### Excerpted data

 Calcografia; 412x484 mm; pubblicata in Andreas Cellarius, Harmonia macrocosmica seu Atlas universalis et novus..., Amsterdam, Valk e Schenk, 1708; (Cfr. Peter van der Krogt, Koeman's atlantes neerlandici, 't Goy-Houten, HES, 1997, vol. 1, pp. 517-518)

######
### Excerpted data

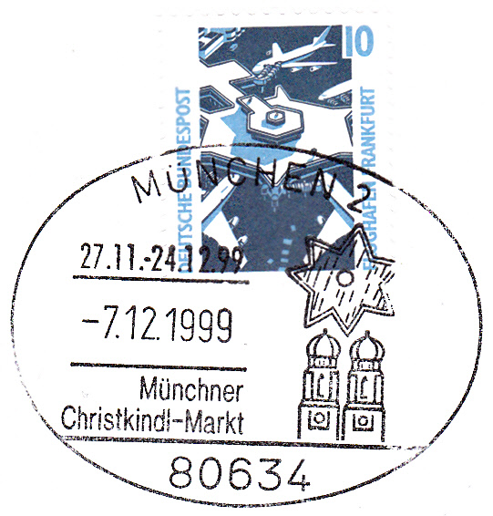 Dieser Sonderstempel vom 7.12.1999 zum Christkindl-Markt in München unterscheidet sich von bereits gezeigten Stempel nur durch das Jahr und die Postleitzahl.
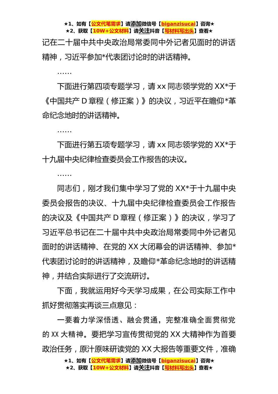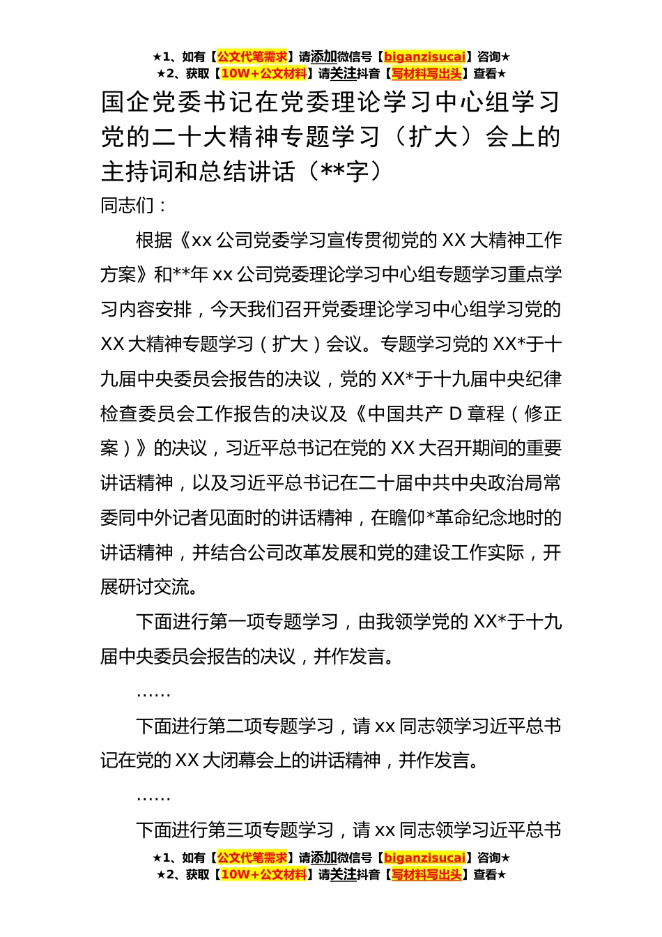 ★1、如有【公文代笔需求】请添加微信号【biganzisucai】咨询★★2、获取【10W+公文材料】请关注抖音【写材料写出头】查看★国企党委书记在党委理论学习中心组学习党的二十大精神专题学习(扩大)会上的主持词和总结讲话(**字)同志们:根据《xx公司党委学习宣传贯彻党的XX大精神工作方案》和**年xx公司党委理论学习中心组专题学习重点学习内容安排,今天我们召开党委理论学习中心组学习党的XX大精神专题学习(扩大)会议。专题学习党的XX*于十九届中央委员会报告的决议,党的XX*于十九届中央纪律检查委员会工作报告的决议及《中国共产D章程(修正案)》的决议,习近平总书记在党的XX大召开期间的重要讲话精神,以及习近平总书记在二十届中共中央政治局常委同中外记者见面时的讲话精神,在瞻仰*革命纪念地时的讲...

######
### Excerpted data

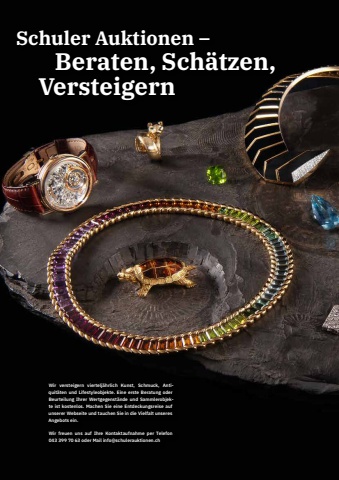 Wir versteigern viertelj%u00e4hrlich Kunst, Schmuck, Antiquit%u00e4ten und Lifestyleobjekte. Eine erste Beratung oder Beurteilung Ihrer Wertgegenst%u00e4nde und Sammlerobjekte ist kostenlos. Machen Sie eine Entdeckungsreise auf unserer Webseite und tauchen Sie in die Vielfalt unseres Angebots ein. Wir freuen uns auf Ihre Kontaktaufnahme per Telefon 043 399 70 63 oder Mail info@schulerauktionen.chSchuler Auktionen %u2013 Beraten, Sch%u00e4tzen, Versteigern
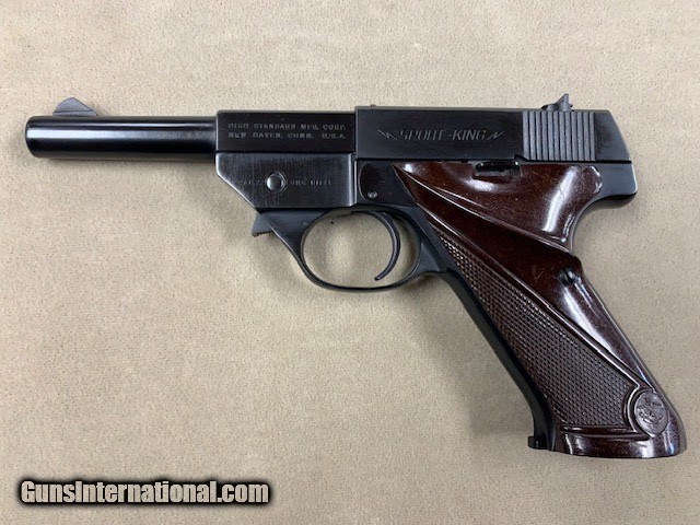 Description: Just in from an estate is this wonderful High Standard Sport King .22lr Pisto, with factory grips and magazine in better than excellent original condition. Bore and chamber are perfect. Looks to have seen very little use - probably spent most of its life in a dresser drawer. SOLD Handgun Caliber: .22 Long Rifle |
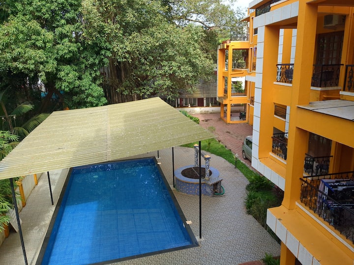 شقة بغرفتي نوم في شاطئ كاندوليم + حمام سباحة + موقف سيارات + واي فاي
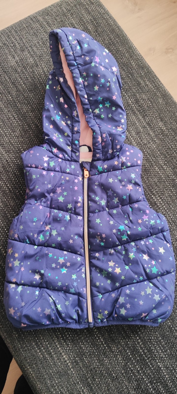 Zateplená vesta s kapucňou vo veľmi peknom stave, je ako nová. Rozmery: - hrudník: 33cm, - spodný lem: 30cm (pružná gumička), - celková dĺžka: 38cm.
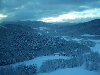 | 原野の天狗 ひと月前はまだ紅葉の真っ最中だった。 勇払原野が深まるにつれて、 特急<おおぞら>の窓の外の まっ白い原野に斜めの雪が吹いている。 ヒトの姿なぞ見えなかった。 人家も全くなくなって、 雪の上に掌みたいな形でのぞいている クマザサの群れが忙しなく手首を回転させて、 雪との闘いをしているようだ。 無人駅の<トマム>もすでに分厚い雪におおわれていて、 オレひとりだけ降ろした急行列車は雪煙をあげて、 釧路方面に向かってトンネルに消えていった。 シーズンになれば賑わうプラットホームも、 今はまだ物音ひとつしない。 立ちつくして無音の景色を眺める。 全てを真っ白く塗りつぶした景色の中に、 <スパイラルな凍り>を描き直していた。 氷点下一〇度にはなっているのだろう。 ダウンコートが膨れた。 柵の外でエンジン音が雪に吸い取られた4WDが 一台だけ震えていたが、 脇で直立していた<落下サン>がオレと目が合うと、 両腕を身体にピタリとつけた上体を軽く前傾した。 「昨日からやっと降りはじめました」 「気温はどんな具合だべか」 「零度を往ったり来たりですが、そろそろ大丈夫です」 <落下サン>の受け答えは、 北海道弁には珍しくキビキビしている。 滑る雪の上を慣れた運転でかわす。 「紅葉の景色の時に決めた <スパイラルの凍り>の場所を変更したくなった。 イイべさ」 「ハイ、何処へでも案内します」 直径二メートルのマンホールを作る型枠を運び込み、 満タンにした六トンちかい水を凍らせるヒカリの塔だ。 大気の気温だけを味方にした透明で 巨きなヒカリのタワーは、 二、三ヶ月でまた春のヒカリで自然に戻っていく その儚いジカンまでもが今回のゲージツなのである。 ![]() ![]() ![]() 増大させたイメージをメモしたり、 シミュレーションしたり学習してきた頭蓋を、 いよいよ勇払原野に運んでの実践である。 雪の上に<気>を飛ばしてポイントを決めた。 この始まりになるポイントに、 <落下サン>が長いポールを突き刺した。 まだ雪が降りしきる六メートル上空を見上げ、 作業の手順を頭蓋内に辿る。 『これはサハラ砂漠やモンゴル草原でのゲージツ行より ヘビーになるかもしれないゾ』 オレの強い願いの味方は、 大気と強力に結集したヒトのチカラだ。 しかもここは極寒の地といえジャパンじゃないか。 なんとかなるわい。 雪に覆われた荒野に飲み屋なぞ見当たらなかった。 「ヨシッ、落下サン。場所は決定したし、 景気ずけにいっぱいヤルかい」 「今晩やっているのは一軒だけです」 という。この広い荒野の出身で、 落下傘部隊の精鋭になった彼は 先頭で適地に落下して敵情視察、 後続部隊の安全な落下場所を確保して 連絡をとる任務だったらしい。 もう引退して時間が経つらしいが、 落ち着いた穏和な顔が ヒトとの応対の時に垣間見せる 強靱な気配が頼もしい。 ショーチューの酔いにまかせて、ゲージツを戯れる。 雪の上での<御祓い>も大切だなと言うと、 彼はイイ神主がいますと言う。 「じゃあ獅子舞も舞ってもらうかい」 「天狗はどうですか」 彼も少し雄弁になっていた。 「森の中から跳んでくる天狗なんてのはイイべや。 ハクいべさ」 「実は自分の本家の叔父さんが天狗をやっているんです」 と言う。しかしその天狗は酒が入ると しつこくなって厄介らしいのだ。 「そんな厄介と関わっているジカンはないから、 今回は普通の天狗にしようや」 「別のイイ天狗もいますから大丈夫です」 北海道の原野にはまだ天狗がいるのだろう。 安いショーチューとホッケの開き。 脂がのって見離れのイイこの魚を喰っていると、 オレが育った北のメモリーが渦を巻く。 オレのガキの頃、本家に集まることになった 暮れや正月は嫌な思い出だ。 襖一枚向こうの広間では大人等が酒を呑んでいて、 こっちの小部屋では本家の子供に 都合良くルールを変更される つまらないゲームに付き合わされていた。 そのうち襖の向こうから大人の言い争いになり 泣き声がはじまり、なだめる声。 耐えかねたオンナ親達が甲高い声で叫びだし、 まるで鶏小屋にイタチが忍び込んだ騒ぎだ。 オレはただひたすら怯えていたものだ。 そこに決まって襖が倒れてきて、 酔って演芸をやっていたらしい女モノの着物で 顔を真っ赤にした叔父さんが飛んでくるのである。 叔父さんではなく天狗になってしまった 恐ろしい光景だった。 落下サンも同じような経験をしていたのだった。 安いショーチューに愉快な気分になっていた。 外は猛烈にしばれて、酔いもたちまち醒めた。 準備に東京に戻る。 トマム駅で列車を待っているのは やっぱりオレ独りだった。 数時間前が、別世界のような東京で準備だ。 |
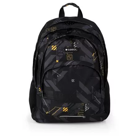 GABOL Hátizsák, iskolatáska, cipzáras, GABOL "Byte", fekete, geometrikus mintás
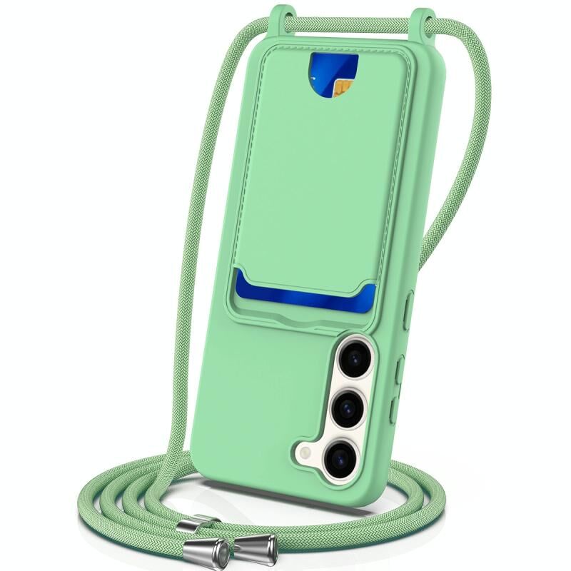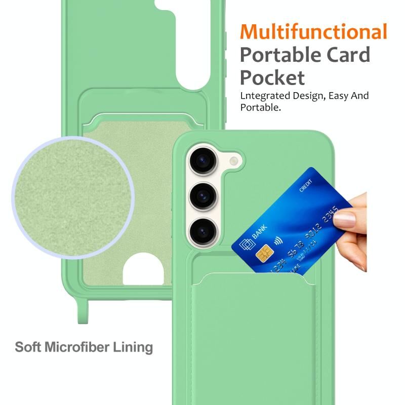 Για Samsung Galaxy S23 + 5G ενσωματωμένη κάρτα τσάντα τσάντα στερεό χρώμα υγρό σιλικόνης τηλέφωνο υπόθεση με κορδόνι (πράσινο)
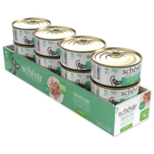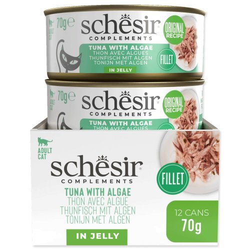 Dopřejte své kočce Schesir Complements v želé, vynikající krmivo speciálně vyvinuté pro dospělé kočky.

######

Problem statement
In the data above, find the line with "شقة بغرفتي نوم" and the line with "Zateplená vesta s". Please copy exactly those two lines and every line between them, but not the pictures.

Output below
 شقة بغرفتي نوم في شاطئ كاندوليم + حمام سباحة + موقف سيارات + واي فاي
 Zateplená vesta s kapucňou vo veľmi peknom stave, je ako nová. Rozmery: - hrudník: 33cm, - spodný lem: 30cm (pružná gumička), - celková dĺžka: 38cm.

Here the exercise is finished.